A separate congressional investigation into generic drug prices shows that the price of doxycycline rose more than 8,000 percent from October 2013 to April 2014.

The Centers for Disease Control and Prevention, as well as several industry trackers also noted shortages of various types of doxycycline during 2013.

The states’ lawsuit comes a day after the U.S. Justice Department filed criminal charges against Jeffrey Glazer, Heritage’s former CEO and Jason Malek, the company’s former president. It accuses the two men of conspiring with companies to manipulate drug prices.

Heritage fired the two men in August after an internal investigation, the company said in an email to NPR Thursday.

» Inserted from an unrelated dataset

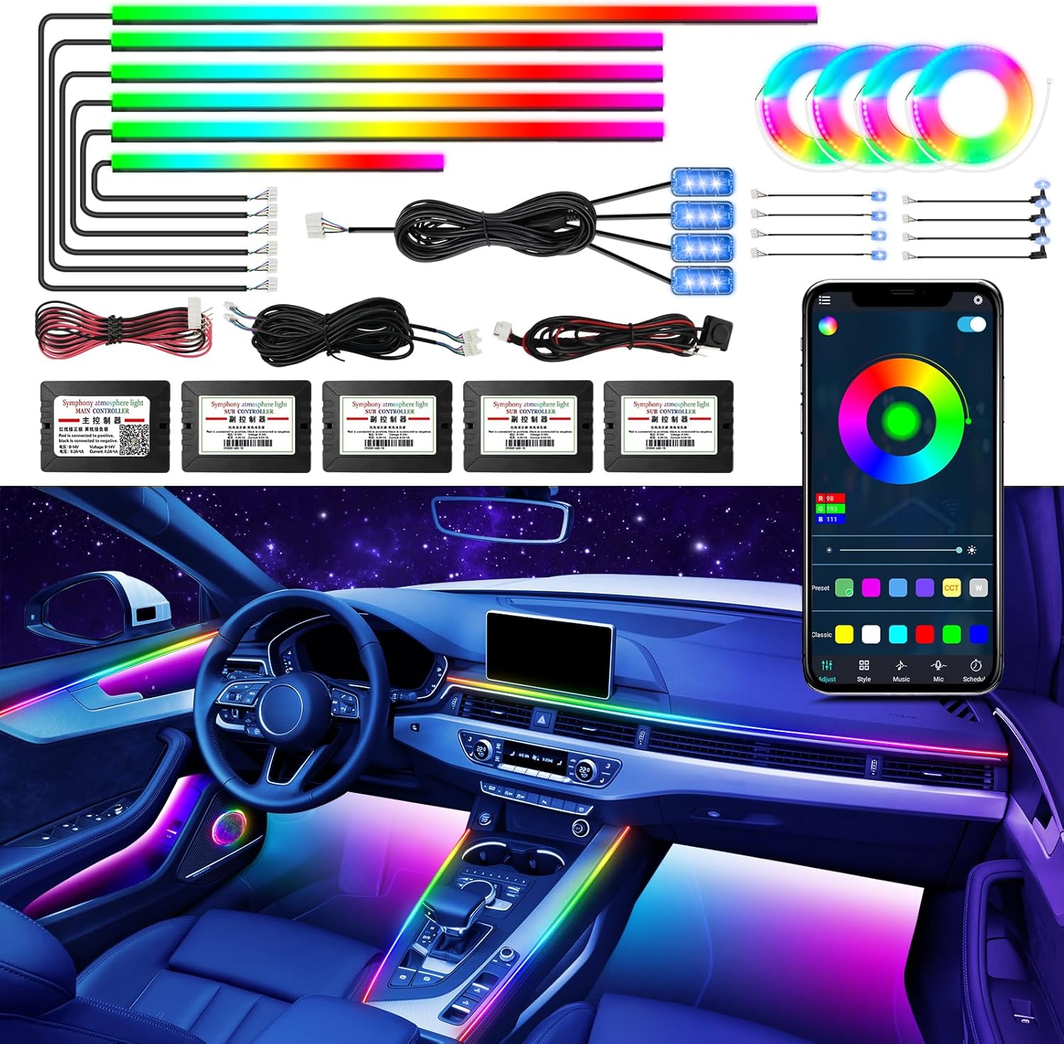 - ć Dreamcolor Car Ambient Lightć This interior car LED light consists of 6 acrylic fiber optic light strips (1*14inch+4*29inch+1*43inch, with 593 LEDs), 4 under dash lights, 4 door handle light, 4 door storage box light, 4 woofer lights, one master controller and 4 slave controller, which can be flexibly installed in any car. The dreamcolor lighting effect of the upgraded can bring you a different experience.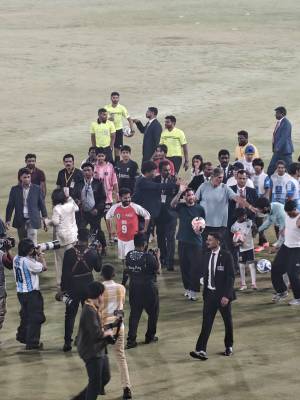 లియోనాల్ మెస్సీ కూడా గ్రౌండ్లోకి దిగి సీఎం రేవంత్ రెడ్డితో కలిసి సరదాగా కాసేపు ఫుట్ బాల్ ఆడారు. మ్యాచ్ పూర్తైన తర్వాత సింగరేణి ఆర్ఆర్ జట్టుకు మెస్సీ ట్రోఫీని అందజేశారు. అలాగే అపర్ణ మెస్సీ ఆల్ స్టార్స్ జట్టుకు ముఖ్యమంత్రి రేవంత్ రెడ్డి ట్రోఫీని అందించారు. మ్యాచ్ సందర్భంగా మెస్సీ, రోడ్రిగో, సీఎం రేవంత్ రెడ్డి స్టేడియంలో చుట్టూ తిరుగుతూ ప్రేక్షకులకు అభివాదం చేశారు. మరోవైపు తమ అభిమాన క్రీడాకారుణ్ని చూసేందుకు ప్రేక్షకులు పెద్ద సంఖ్యలో తరలి వచ్చారు. మ్యాచ్ సందర్భంగా తెలంగాణ గురుకుల పాఠశాలల విద్యార్థులతో మెస్సీ ముచ్చటించారు. గురుకుల పాఠశాలల నుంచి వచ్చిన నాలుగు జూనియర్ టీమ్స్తో మాట్లాడిన మెస్సీ, వారికి ఫుట్బాల్ మెళకువలు అందించారు. కాంగ్రెస్ అగ్రనేత రాహుల్ గాంధీ, ప్రియాంకగాంధీ కుమారుడు, కుమార్తె హాజరై మ్యాచ్ను చూశారు.

The company also sued the men last month, accusing them of embezzlement.

A Heritage spokeswoman says the company is cooperating with both the federal and state investigations.

Mylan reported, in an emailed statement, “To date, we know of no evidence that Mylan participated in price fixing.” A Teva spokeswoman told NPR, “We have not found evidence that would give rise to any civil or criminal liability.”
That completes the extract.